Originally Posted by topsquark
log(x) = 1
10^[log(x)] = 10^1
x = 10.

-Dan

What is the rule here...
• Oct 5th 2006, 03:53 PM
topsquark
Quote:

Originally Posted by Quick
What is the rule here...

The function
y = a^x
has an inverse defined as y = log(a) x.
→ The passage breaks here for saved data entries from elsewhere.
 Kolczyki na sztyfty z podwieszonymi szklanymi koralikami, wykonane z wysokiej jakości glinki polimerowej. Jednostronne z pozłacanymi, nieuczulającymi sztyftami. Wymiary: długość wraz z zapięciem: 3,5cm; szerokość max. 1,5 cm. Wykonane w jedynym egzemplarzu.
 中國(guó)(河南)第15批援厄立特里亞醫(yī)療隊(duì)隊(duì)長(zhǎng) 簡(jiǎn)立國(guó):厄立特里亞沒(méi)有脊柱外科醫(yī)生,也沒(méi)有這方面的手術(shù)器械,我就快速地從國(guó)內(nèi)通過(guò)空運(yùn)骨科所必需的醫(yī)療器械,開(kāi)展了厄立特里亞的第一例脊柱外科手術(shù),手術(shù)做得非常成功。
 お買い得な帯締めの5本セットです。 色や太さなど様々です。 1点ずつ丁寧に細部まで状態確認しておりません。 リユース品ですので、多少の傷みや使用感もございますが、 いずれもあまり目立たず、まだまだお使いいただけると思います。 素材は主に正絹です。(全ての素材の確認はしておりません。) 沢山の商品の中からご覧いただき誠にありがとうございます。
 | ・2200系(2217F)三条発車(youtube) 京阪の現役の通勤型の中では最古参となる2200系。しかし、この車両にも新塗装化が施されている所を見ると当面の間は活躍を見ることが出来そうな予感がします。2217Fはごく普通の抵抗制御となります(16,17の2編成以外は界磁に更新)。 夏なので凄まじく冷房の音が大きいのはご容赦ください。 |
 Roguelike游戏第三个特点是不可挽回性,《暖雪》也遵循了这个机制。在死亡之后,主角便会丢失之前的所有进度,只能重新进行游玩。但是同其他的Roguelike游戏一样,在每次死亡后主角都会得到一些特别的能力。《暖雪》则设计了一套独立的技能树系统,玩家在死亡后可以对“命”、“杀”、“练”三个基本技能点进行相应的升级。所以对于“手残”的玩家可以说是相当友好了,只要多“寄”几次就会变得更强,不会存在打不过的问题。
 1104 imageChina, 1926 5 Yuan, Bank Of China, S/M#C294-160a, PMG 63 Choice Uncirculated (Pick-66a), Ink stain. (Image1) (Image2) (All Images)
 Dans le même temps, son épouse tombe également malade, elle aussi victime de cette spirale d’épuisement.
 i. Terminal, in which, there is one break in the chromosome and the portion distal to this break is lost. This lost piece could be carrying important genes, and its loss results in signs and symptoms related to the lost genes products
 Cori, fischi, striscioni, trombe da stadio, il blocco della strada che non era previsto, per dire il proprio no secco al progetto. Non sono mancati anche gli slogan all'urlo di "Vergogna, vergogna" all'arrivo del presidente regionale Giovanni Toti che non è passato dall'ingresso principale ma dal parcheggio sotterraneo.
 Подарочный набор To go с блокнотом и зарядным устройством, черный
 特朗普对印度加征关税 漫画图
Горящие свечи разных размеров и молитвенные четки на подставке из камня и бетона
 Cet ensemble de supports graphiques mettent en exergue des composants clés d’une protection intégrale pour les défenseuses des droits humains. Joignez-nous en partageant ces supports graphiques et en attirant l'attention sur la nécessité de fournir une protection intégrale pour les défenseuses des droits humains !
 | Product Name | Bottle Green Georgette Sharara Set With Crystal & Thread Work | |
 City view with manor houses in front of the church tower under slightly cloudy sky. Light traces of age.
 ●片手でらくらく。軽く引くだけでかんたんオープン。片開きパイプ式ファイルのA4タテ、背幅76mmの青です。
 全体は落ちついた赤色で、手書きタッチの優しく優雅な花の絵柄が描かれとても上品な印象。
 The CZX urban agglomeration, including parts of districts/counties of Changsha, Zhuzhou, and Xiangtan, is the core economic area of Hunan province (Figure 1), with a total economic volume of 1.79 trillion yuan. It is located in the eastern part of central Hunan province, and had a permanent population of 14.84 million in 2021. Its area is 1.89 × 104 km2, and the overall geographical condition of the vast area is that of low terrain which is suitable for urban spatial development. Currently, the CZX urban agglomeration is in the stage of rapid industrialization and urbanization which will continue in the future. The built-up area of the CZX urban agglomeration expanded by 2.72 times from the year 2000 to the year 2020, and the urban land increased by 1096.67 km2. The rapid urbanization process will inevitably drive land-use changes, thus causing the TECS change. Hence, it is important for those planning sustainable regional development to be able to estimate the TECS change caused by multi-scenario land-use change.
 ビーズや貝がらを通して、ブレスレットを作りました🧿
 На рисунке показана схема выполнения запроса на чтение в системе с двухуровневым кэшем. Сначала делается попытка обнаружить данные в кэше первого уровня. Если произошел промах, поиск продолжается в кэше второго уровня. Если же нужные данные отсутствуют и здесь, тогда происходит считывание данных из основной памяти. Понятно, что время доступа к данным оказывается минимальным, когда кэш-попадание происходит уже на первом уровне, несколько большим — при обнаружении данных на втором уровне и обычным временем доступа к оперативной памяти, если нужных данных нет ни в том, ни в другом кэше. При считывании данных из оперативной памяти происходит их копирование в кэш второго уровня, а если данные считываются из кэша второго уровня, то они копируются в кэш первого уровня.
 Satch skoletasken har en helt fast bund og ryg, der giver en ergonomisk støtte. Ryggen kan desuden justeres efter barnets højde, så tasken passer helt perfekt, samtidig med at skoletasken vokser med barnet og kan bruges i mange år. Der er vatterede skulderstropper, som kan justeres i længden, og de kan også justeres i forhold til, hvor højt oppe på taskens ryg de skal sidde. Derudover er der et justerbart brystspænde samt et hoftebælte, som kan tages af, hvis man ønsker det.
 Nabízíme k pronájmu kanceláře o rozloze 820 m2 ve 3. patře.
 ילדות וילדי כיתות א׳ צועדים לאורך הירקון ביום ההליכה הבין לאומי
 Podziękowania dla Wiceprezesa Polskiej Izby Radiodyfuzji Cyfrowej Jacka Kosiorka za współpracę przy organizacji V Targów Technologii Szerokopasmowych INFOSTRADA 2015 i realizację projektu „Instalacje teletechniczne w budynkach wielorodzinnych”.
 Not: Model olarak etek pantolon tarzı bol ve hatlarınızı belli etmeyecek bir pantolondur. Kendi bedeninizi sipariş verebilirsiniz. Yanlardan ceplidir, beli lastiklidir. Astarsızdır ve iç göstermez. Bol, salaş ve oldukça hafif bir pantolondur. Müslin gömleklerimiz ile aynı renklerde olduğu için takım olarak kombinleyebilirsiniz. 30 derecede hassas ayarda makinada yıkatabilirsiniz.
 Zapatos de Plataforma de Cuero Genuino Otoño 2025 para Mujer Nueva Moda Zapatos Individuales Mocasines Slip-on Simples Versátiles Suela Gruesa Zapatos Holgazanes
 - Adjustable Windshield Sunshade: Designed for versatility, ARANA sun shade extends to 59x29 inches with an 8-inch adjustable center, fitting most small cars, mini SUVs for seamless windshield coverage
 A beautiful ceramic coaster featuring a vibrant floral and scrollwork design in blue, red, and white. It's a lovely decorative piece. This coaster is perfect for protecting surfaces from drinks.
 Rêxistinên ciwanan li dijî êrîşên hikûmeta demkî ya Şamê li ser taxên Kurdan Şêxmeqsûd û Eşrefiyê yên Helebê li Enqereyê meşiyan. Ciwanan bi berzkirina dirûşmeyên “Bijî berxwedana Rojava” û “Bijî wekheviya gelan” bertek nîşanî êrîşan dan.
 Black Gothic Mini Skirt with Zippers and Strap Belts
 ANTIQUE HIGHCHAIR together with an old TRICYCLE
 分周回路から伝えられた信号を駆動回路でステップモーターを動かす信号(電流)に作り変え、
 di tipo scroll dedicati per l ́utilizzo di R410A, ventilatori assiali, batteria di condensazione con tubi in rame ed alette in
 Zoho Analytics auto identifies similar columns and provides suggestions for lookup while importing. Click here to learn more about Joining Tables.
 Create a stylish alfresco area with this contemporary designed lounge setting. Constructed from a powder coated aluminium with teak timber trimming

In English this reads the "log to the base a of x." (The "a" is subscripted.)

So we know that
a^[log(a) x] = x
and
[log(a) a^x] = x

Typically (though not universally, there's a thread on the forum somewhere on this) "log to the base 10" is usually shortened to the abreviation "log" (with no base mentioned) and "ln" is log(e) where e = 2.817...

-Dan

For general consumption, I fixed an error in my earlier post. (That's what I thought Quick was going to have posted about. :) )
• Oct 5th 2006, 04:41 PM
dan
good explanation topsquark. that even sence to me!!!

dan
• Oct 5th 2006, 06:09 PM
ThePerfectHacker
Quote:

Originally Posted by topsquark
The function
y = a^x

a>0 :eek:
• Oct 5th 2006, 11:55 PM
topsquark
Quote:

Originally Posted by ThePerfectHacker
a>0 :eek:

But of course!

-Dan
• Oct 5th 2006, 11:57 PM
earboth
Quote:

Originally Posted by ThePerfectHacker
a>0 :eek:

and a ≠ 1
• Oct 6th 2006, 12:08 AM
topsquark
Quote:

Originally Posted by earboth
and a ≠ 1

(laughs) You know I never thought about that one...but you're right.

-Dan
• Oct 6th 2006, 10:22 AM
ThePerfectHacker
Quote:

Originally Posted by earboth
and a ≠ 1

You can have exponents for 1 just it will be trivial.

You cannot have logarithms for 1, so that might be a reason.